Exercise directions -
Reproduce each line below precisely. Drop the pictures.

Information supplied -
---
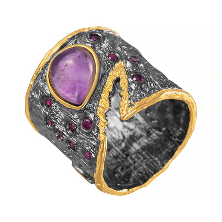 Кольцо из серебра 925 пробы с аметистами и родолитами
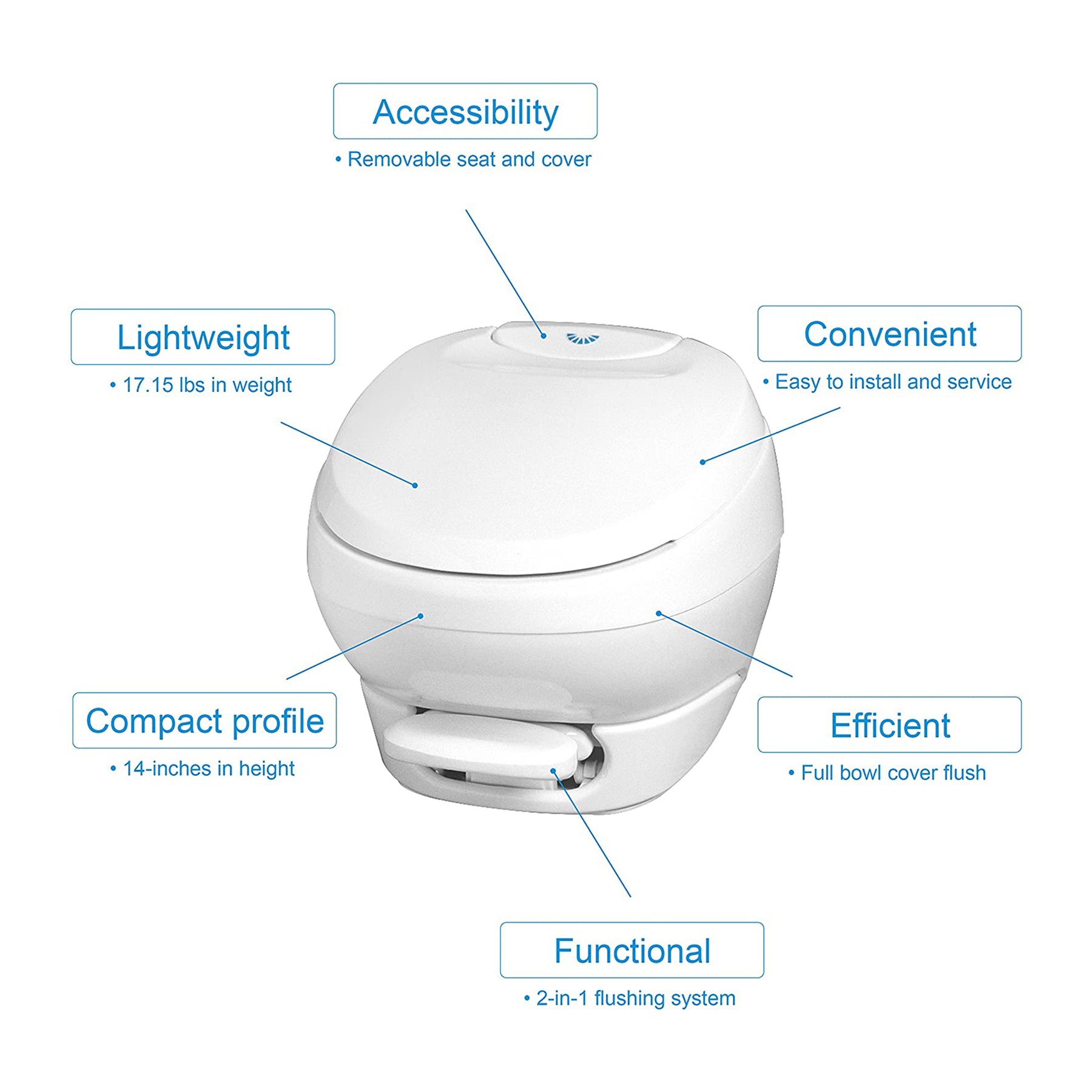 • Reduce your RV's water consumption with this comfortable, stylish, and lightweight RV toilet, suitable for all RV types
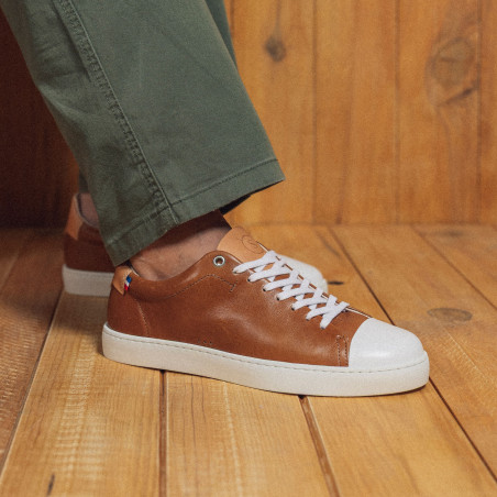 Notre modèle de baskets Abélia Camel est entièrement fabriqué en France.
---
Exercise solution -
 Кольцо из серебра 925 пробы с аметистами и родолитами
 • Reduce your RV's water consumption with this comfortable, stylish, and lightweight RV toilet, suitable for all RV types
 Notre modèle de baskets Abélia Camel est entièrement fabriqué en France.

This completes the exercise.